Je sais bien, et l’on ne manquera pas de me dire que les créanciers de l’État ne font autre chose que recevoir l’intérêt légitime de leurs capitaux, qu’ils ne peuvent être assimilés à des sinécuristes, apanagistes, concessionnaires à titre gratuit. À cela je réponds, que les emprunts d’État sont généralement contractés à des taux usuraires, 6, 7, 8 et même 10 pour 100 ; que même au taux légal de 5 pour 100 les capitaux bourgeois, placés sur l’État, produisent le double de ce que la terre rend aux propriétaires ; et que là est une des causes qui, en élevant d’une manière anormale le loyer de l’argent, élève du même coup celui des maisons, fait hausser le prix de toutes les denrées, et entretient un système de cherté au préjudice des masses, mais au grand avantage des prêteurs de numéraire.

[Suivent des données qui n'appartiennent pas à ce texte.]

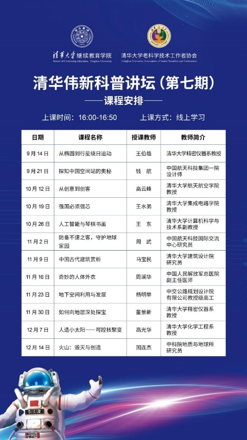 三年来,清华大学老科协联合清华大学继续教育学院通过开设清华伟新科普讲坛,将清华大学老科协科普演讲团倾心打造的云端优质科普课程送到全国中小学校,特别是欠发达地区、革命老区和边疆少数民族地区的乡村学校,普及科学知识,传播科学思想,弘扬科学精神,倡导科学理念,提升青少年的科学素养,受到广大师生的普遍欢迎和高度认可。科普讲坛教师由长期从事科研、教学工作的优秀教师担任,讲授了70余讲科普课程,主题涵盖天文、地理、航天等数十个学科领域,有20多个省100多个县区超过2200万人次中小学师生从中受益。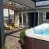 The wellness area at Glamping i Doshult is comprised of a sauna and a hot tub.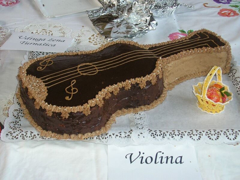 Violina svira slatke note, izlozena, kupljena i pojedena Zarežimo knjigu i bon apetite Kosulja - torta Kreacija Udruge zena Peski Mmmmmmmm....

On voit donc, d’après cette première observation, que si la politique conservatrice fait des dettes, elle ne tient pas précisément à les rembourser. Il faut des dettes au système unitaire.

Mais, direz-vous, les dettes ne peuvent pas s’augmenter indéfiniment. Si un intérêt de 500 millions nous semble aujourd’hui une charge trop lourde, nous ne pourrions pas en porter une d’un milliard…

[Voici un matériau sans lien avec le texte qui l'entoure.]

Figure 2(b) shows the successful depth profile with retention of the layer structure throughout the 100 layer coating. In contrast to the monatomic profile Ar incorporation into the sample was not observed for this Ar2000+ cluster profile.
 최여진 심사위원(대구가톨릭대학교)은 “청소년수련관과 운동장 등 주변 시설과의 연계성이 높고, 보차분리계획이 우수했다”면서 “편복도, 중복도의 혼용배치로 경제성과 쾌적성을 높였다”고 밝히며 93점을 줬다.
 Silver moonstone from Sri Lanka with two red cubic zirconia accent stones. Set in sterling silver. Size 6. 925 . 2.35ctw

C’est ici qu’il importe de se bien rendre compte du système financier, sous un Gouvernement de centralisation et d’unité.

Certes, les créanciers de l’État savent aussi bien que personne que la dette publique ne peut pas grossir toujours, et qu’en suivant ce mouvement, on doit aboutir à la banqueroute. Ils s’y attendent ; mais qu’ont-ils à craindre ? N’ont-ils pas, dans le principe, en souscrivant les divers emprunts dont s’est formée successivement la dette, placé leurs capitaux à un intérêt double, triple, et quelquefois quadruple de celui que rend habituellement la terre ? n’ont-ils pas perçu cet intérêt pendant cinquante, soixante-quinze, cent et cent cinquante ans ? ne sont-ils pas rentrés dix fois, vingt fois dans leurs capitaux ? n’ont-ils pas ajouté à tout cela les bénéfices de l’agiotage ? ne savent-ils pas que, même dans le cas d’une banqueroute, ils ne perdront pas tout ; que la réduction ne sera que partielle, et que, la liquidation opérée, ils se retrouveront dans une situation relativement excellente ?

Autant donc l’unitarisme et sa politique, par nature, recherchent les dettes, autant ils ont peu à redouter de la banqueroute.


« L’histoire fournit de nombreux exemples de banqueroutes partielles. Sans remonter aux altérations des monnaies sous Philippe le Bel, nous trouvons dans les temps modernes les faits suivants :

« Règne de Henri IV : — Sully réduit les intérêts accordés aux prêteurs sous les règnes précédents, et affecte les à-comptes déjà payés au remboursement du capital.

« Règne de Louis XIV. — Sous l’administration de Desmarets, on suspend le payement du capital et des intérêts d’une foule de créances, notamment des fonds déposés à la caisse des emprunts.

« Règne de Louis XV. — À la chute de la banque de Law, on fait une réduction arbitraire des dettes de l’État. — Peu de temps après, l’abbé Terray refuse de payer un grand nombre de dettes, ainsi que les rescriptions du Trésor.

« Révolution française. — Les mandats et les assignats de la Révolution subissent une large réduction. — En 1798, le ministre Ramel réduit la dette des deux tiers.

« Gouvernement provisoire. — En 1848, le gouvernement de la République, héritier du déficit creusé par la monarchie orléaniste, offre aux déposants des caisses d’épargne et aux porteurs de bons du Trésor des titres de rente au lieu d’espèces. C’était une transaction, lorsque de fort honnêtes gens conseillaient la banqueroute pure et simple[1] »


Et maintenant, ce qui s’est déjà vu tant de fois, ne sommes-nous pas destinés, un peu plus tôt, un peu plus tard, à le revoir ? Je demande donc, en prévision de cette échéance fatidique, si ce ne serait pas compromettre l’avenir des classes laborieuses et trahir leurs intérêts, que de les pousser à des élections qui ne pourraient avoir d’autre résultat que de les rendre garantes, en les y faisant participer, d’un ordre de choses économique contre lequel elles protestent ?



  1. Voir Manuel du spéculateur à la Bourse, 1857.